Uniform
A "remix album" of my debut album. Form was about the deconstruction of sound while Uniform is about the reconstruction of it. The songs were put together mostly by constructing field recordings, randomly recorded piano parts, and so on to create source material and then combined afterword to create songs.
Tracklisting:
- Midori
- Tokyo
- Cleare (Ollie Bown Remix)
- White
- Streetlights As Fairgrounds (Saine Remix)
- Memorium: The Choir
- Triagnol
- Cleare (Shawn Dickerson Remix)
Aria Rostami
Aria Rostami currently lives in Brooklyn, New York. Rostami started releasing music in 2011 and has releases on labels such as Spring Theory, Glacial Movements, Dark Entries, Crash Symbols, Zoom Lens, Audiobulb and Jacktone Records. Aria Rostami occasionally performs and releases work with Daniel Blomquist.
Reviews
SF WeeklyLast but not least, we figured we ought to pay homage to the city's vibrant underground IDM and experimental electronica scene. Aria Rostami is a recent signee to the audiomoves netlabel (an imprint of the venerable Sheffield, UK-based Audiobulb). His recent release, Uniform, is an ambient sound collage comprised of cleverly manipulated field recordings, heavily reverbed upright piano, and glitchy rhythms that brings to mind the work of Christian Fennesz, John Duncan, and Brian Eno. Tracks like "Tokyo" and "Midori" show Rostami experimenting with the kind of soundscape design that evokes a rain-drenched afternoon in the city.
Chain D.L.K.
This second release signed by San Francisco based sonic designer Aria Rostami titled Uniform has been introduced both as a remix album (although this release contains just three proper remixes) and as a follow up to his lovely debut album Form I spoke about some months ago just because while the latter was based on deconstruction of sound, the former concerns the reconstruction of it, but this approach centered on a totally different way of processing sound (or emotions...) could let think about something new coming from the same source for inspiration, the gentle and sometimes foggy slopes of Rostami's city. In spite of the importance of some compositional aspects, what really matters in my modest opinion is not a comparison between Form and Uniform, but the preservation of Rostami's intimate enchantment, which has kept his wholeness even though some matter has been processed according to different standards: psychedelic melodious breezes blow on field recordings, delayed piano touches, percussive tingles, stifled metallic sounds, so that all tracks sound like evoking a veiled feeling of opacified purity. It's clear Rostami's past experiences related to the production of scores for films in many moments of Uniform, even in those ones where he seems to fill sound machines' wires with laudanum ("Memorium: The Choir", "Triagnol" - what a lovely cameo! -, "White"), whereas in other moments his agglomerative sound (re)processing reminds some sonic artifacts by Arovane, Boards Of Canada or Bauri ("Midori", "Tokyo").

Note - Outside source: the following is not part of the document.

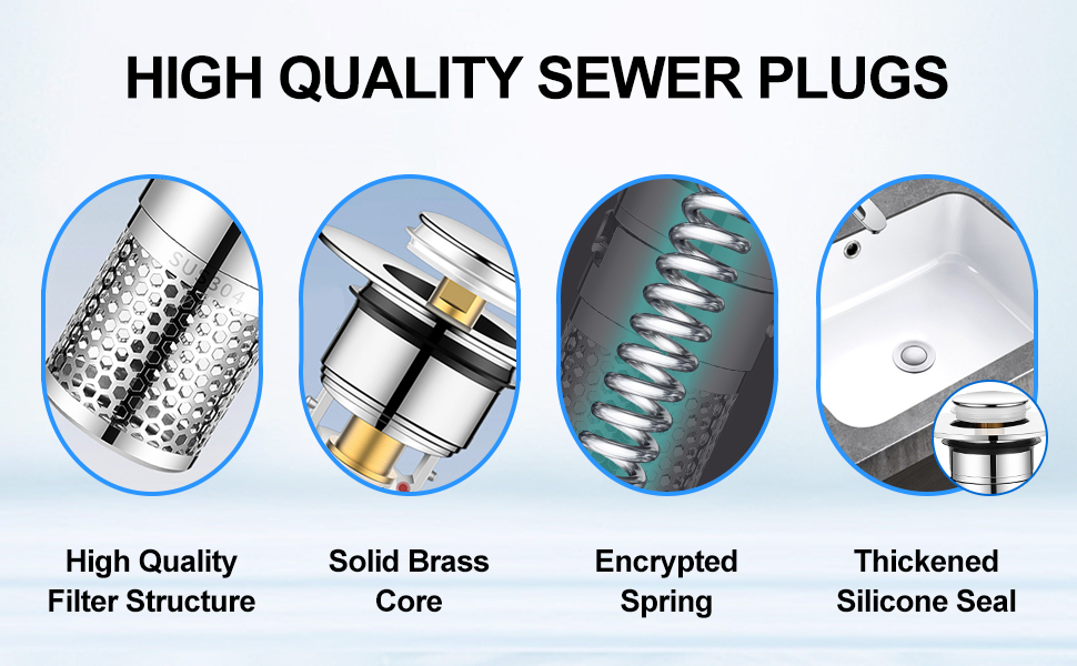 Conception Unique : Ce bouchon filtre pour évier peut être utilisé à la fois comme bouchon et filtre. Contenu de l'emballage]: Vous obtiendrez 2 pièces de bouchon de baignoire. Le diamètre de bonde de lavabo est de 4 cm. La conception en spirale vous permet d'ajuster facilement la hauteur et offre plus de commodité pour votre utilisation Le bouchon de filtre d'évier est fabriqué en acier inoxydable et en laiton de haute qualité. Il suffit de retirer le bouchon d'origine et de le remplacer pour terminer l'installation. Facile à Utiliser : L'installation du bouchon filtre pour évier est très simple. Largement Utilisé : Ce bouchon filtre pour évier s'adapte à divers environnements et est compatible avec divers éviers, baignoires, canalisations et siphons de sol. Le bouchon et le filtre fonctionnent ensemble, garantissant ainsi une évacuation d'eau sans obstruction et sans odeur. Universel Bonde De Lavabo Pop-Up, Bouchon Baignoire Pour Lavabo Cuisine, Couvercle D'Évier En... Il est inoxydable, résistant à la corrosion, très durable, peu encombrant, offre une longue durée de vie et est adapté à une utilisation prolongée. Bonde De Lavabo 2 Pièces, 32-42mm Bouchon Lavabo Universel Pop Up Avec 2 Joints Pour Baignoire Accelere Drainage Sans Colmatage Bouchon 99089169 2 Pièces Bonde De Lavabo Universel Pop Up 34-40mm,Bonde De Lavabo Pop Up 34 40mmbonde De Lavabo Pop Up Avec Filtre Anti Cloggingflitre De Vidange Anti Bloquebouchon Baignoire Pour Lavabo Cuisineflitre Cheveux Orifice De Vidange 86945373 Son design universel s'adapte à presque tous les éviers et est équipé d'un ressort en laiton, durable et incassable. Appuyez simplement sur le couvercle supérieur pour basculer entre les deux modes. Appuyez sur le couvercle supérieur pour stocker l'eau, et ouvrez le couvercle supérieur pour la vidange et la filtration. Le bouchon filtre d'évier est compatible avec divers éviers, baignoires, siphons et siphons de sol. Matériaux De Haute Qualité : Fabriqué en acier inoxydable et en laiton de haute qualité, ce bouchon filtre pour évier est antirouille, résistant à la corrosion, très durable, peu encombrant, offre une longue durée de vie et est adapté à une utilisation à long terme.

It's astonishing the way the three remixers kept remarkably high the psychedelic level and the daydreaming emanations, being my favorite ones the treatment Shawn Dickerson reserved for "Cleare": the mentioned remix let drip silicium and sugar from broken pipes carrying fuel for dreams, letting resurface some past listenings of mine such as some stuff by Norken Lee Norris, and the highly cinematic version of "Streetlights As Fairgrounds" by Saine.